Key features outlined in the briefing include:

Putting consumers firmly first with a new Water Ombudsman to ensure complaints are taken seriously and resolved quickly, strengthening consumer advocacy and providing stronger customer protections.

Delivering cleaner rivers, lakes, and seas by providing the legislative tools to ensure targets are ambitious, enabling pre-pipe solutions like sustainable drainage systems to reduce spills and consolidating and strengthening agricultural pollution rules.

Unlocking economic growth and housing delivery through reforms to the New Appointments and Variations framework, which enables new water and wastewater companies to be appointed for new developments.

Strengthening the financial resilience and long-term stability of the sector through a modernised economic regulation regime including the new regulator taking a supervisory approach to improve oversight and establishing a Performance Improvement Regime to ensure earlier intervention for poorly performing water companies.

Building long-term resilience into the water system through statutory resilience standards and better asset mapping.

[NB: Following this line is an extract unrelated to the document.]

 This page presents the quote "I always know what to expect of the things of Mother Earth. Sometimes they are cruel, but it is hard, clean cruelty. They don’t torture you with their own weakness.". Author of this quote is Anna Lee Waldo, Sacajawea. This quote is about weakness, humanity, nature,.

The reforms will be underpinned by clearer long-term planning and strengthened strategic guidance.This will be backed by stronger powers for the regulator to enforce security, including no-notice inspections to ensure realistic testing of security measures.

Boosting water efficiency and secure future supplies by accelerating the use of smart metering to enable customers to identify leaks, reduce water wastage, and realise bill savings; all while encouraging the uptake of water‑efficient appliances through the forthcoming water efficiency labelling scheme.

Creating a stable, long-term planning framework by consolidating existing water industry planning into two core planning frameworks and exploring establishing national water targets. This would give companies, investors, and regulators clear five, 10, and 25 year direction and the potential to reduce duplication and unnecessary administrative burden where planning and reporting are streamlined.

The scope of the Bill will extend and apply to England and Wales, with some measures also expected to apply to Scotland.